Every line from the one containing "Гардеробная композиция в" through the end of the listing below must be given again exactly, and nothing else; exclude pictures.

--- Data below Enclosed Below ---

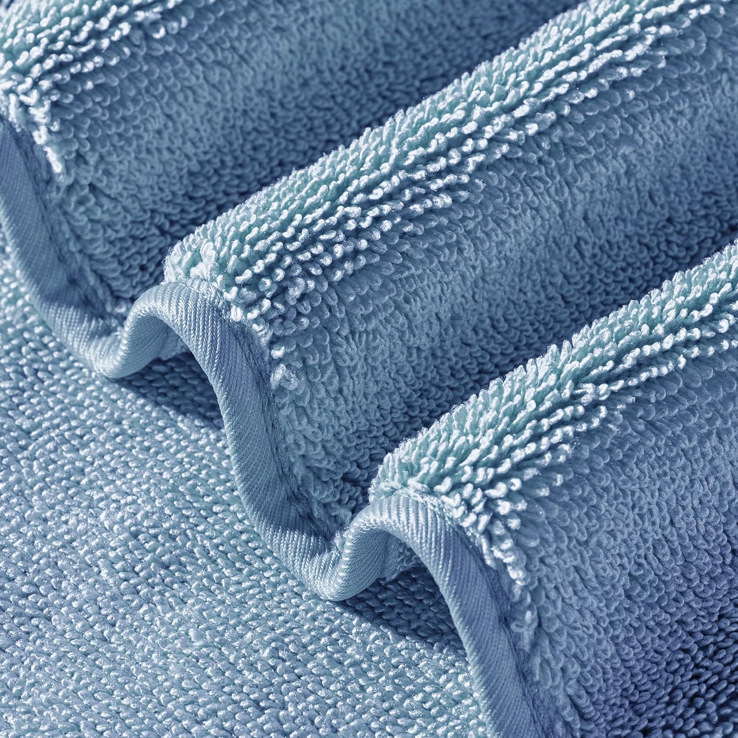 - Experience the super soft feeling of our premium microfiber against your skin without the heft and bulk; our terry twist loop fabric is thicker than other microfiber bath towels with a much improved hand feel
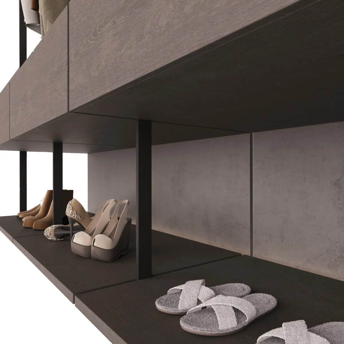 Гардеробная композиция в современном стиле прямой формы с наполнением. Модель шкафа состоит из модулей и легко редактируется.
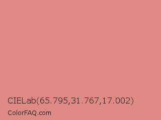 CIELab 65.795,31.767,17.002 Color is a light red color and the nearest color is New York Pink #d7837f. Hex code #de8983 and RGB value is rgb(222,137,131). In RGB color space, this color is composed of 87% red, 54% green, 51% blue, In CMYK color space, this color is composed of 0% cyan, 38% magenta, 41% yellow , 13% black , In HSL color space, this color has a hue angle of 4° , 58% saturation and 69% lightness.
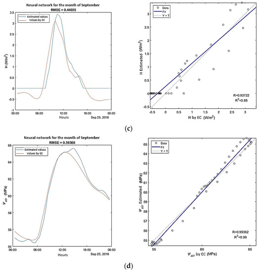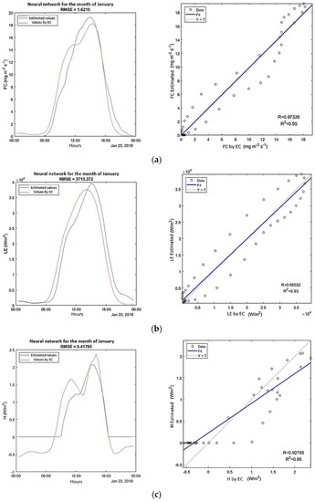 - Black Box Model: A black box model was applied and developed through the application of neural networks using the Deep Learning package of MATLAB software. The use of neural networks for the prediction of energy flows (LE, H, FC) was highly effective, obtaining R2 values greater than 0.86 in the runs carried out in January and September 2018.

--- End of Enclosed Data below ---

→ **Completed exercise**
 Гардеробная композиция в современном стиле прямой формы с наполнением. Модель шкафа состоит из модулей и легко редактируется.
 CIELab 65.795,31.767,17.002 Color is a light red color and the nearest color is New York Pink #d7837f. Hex code #de8983 and RGB value is rgb(222,137,131). In RGB color space, this color is composed of 87% red, 54% green, 51% blue, In CMYK color space, this color is composed of 0% cyan, 38% magenta, 41% yellow , 13% black , In HSL color space, this color has a hue angle of 4° , 58% saturation and 69% lightness.
 - Black Box Model: A black box model was applied and developed through the application of neural networks using the Deep Learning package of MATLAB software. The use of neural networks for the prediction of energy flows (LE, H, FC) was highly effective, obtaining R2 values greater than 0.86 in the runs carried out in January and September 2018.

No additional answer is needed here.